Le problème de la création des relations civiques :
visions et coutumes
Une des associations que j’ai étudiées est la Humane Response Alliance
(HRA), l’alliance pour une action humaine, un groupe de responsables
religieux de Lakeburg qui créaient des foyers pour les sans-abri, aidaient à
distribuer de la nourriture gratuite aux affamés grâce à des soupes populaires
et organisaient des ateliers à but éducatif pour informer les gens des injustices
engendrées par la réforme de l’aide sociale.

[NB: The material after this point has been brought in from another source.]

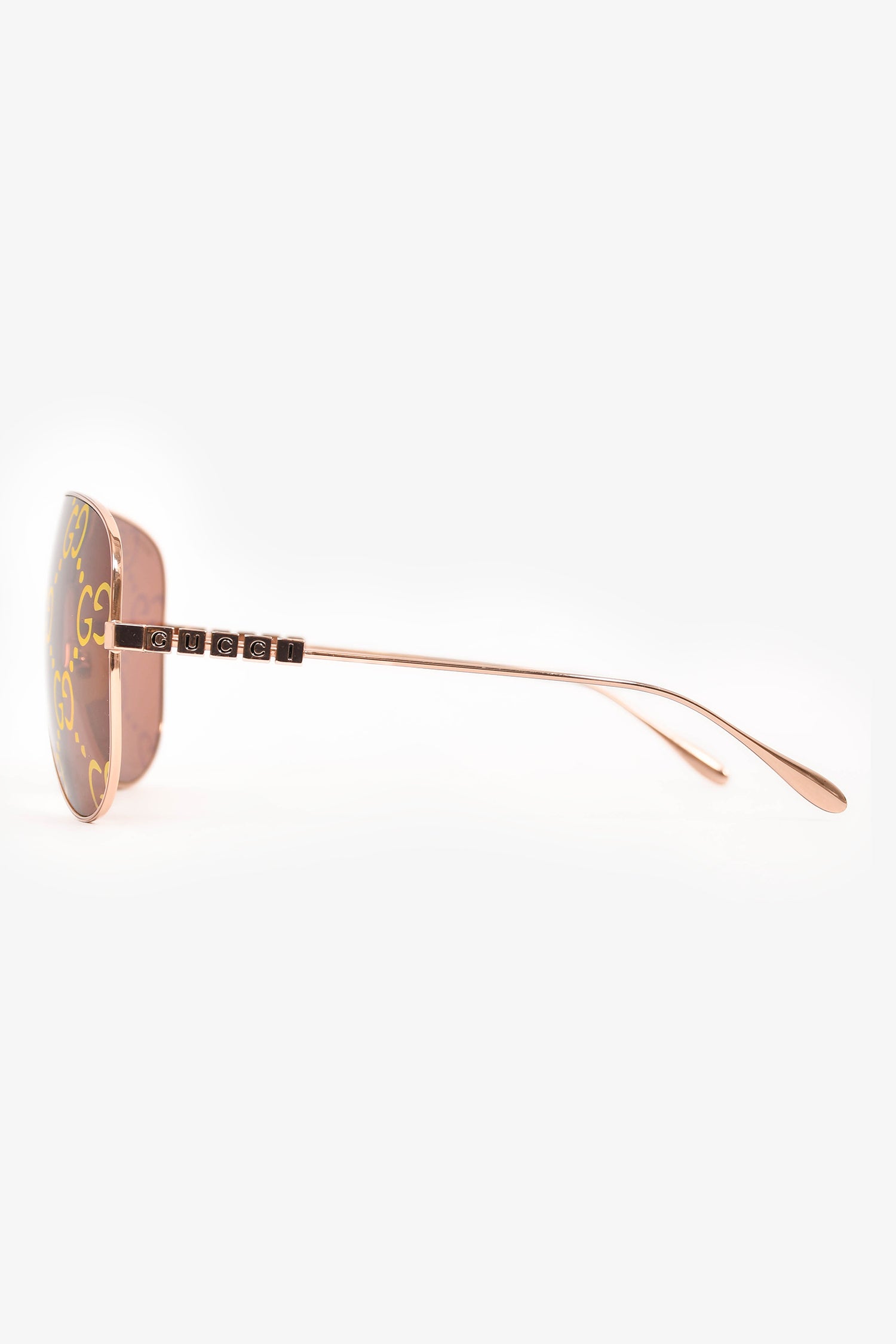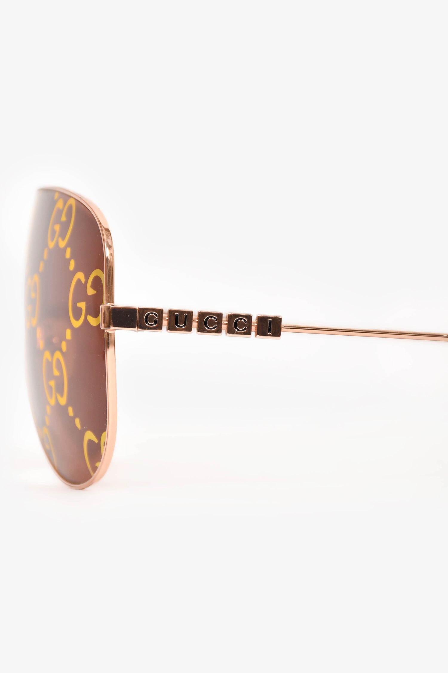 Refresh availabilityGucci Rose Gold Monogram Tint Aviator Sunglasses. Mirrored lens. Adjustable nose pads. Rose gold-tone hardware.

Comme d’autres responsables
locaux et certains universitaires américains, Donald, le directeur de HRA,
parlait souvent de la nécessité d’un « renouveau civique ». Il affirmait que les
dirigeants religieux devaient travailler avec d’autres associations et avec les
collectivités locales pour « reconstituer la communauté sociale », et développer de nouveaux liens sociaux qui pourraient assister les personnes à faibles
revenus tout en donnant aux riches un sentiment de responsabilité vis-à-vis
de leurs concitoyens victimes des nouvelles politiques d’aide sociale.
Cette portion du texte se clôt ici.